Zdaniem włoskiej prasy aż 53 proc. Fininverstu trafiło do Mariny i Pier Silvio Berlusconich, dzieci biznesmena z pierwszego małżeństwa. Obydwoje otrzymali po 26,5 procent. Ponadto to córce Marinie przeznaczył zadanie podejmowania wszelkich istotnych decyzji w sprawie holdingu wśród pozostałych spadkobierców akcji.
Pozostałe 47 proc. Berlusconi zapisał Luigiemu, Eleonorze i Barbarze, dzieciom z jego drugiego małżeństwa z Veronicą Lario. Podobnie jak w przypadku Mariny i Pier Silvio akcje zostały podzielone po równo na każdego z potomków.

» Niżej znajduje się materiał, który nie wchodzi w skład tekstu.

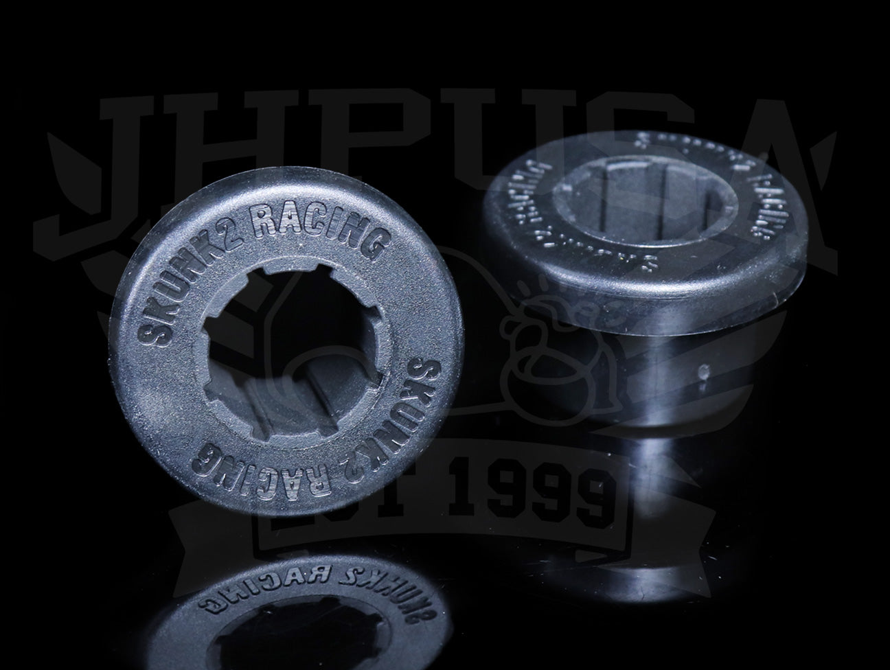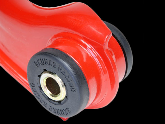 Genuine Skunk2 polyurethane bushings act as bearings for quicker response and a more positive feel when compared to other manufacturers' bushings. Tearing and unseating problems normally associated with other fixed rubber bushings are eliminated by allowing the arm to rotate freely about the bushings. Fewer grooves within the inner diameter as well as special, radiused backsides help them last longer and avoid tearing and unseating. Thanks to the new design, bushing failures have been eliminated.

Ponadto aż 100 milionów euro Berlusconi przekazał swojej ostatniej partnerce, Marcie Fascinie, deputowanej z ramienia partii Forza Italia. Natomiast jego wieloletni współpracownik Marcello Dell'Utri otrzymał 30 milionów.
Jak napisał Silvio Berlusconi w swoim testamencie, "nagrodził bliskich za to, że ich kochał, a oni kochali jego".
Nie żyje Silvio Berlusconi, włoski polityk i biznesmen
Przypomnijmy, że 12 czerwca zmarł były wieloletni premier Włoch Silvio Berlusconi. Jak wskazały włoskie i zagraniczne media, do śmierci włoskiego polityka mógł przyczynić się nowotwór. U polityka lekarze mieli zdiagnozować białaczkę. W związku z chorobą Berlusconi przebywał w mediolańskim szpitalu San Raffaele, który wcześniej opuścił pod koniec marca.
Stan zdrowia biznesmena komentował jeszcze przed śmiercią jego brat Paolo Berlusconi. Po wyjściu z odwiedzin szpitalnych powiedział mediom, że "Silvio jest silny". – Jest jak skała, tym razem też sobie poradzi – przekazywał.
Skandale z udziałem Berlusconiego
Do 2011 roku przeciwko Silvio Berlusconiemu toczyło się ponad 20 różnych postępowań, głównie o korupcję, ale wiele z nich zakończyło się na korzyść byłego premiera Włoch. W 2013 roku skazano go jednak za oszustwa podatkowe i defraudacje w koncernie Mediaset. Były premier został ostatecznie skazany na karę 4 lat pozbawienia wolności, którą skrócono do roku.
Oskarżano go o to, że jako udziałowiec prywatnych spółek i jednocześnie osoba pełniąca funkcje publiczne podejmuje działania, które prowadzi na korzyść własnych interesów.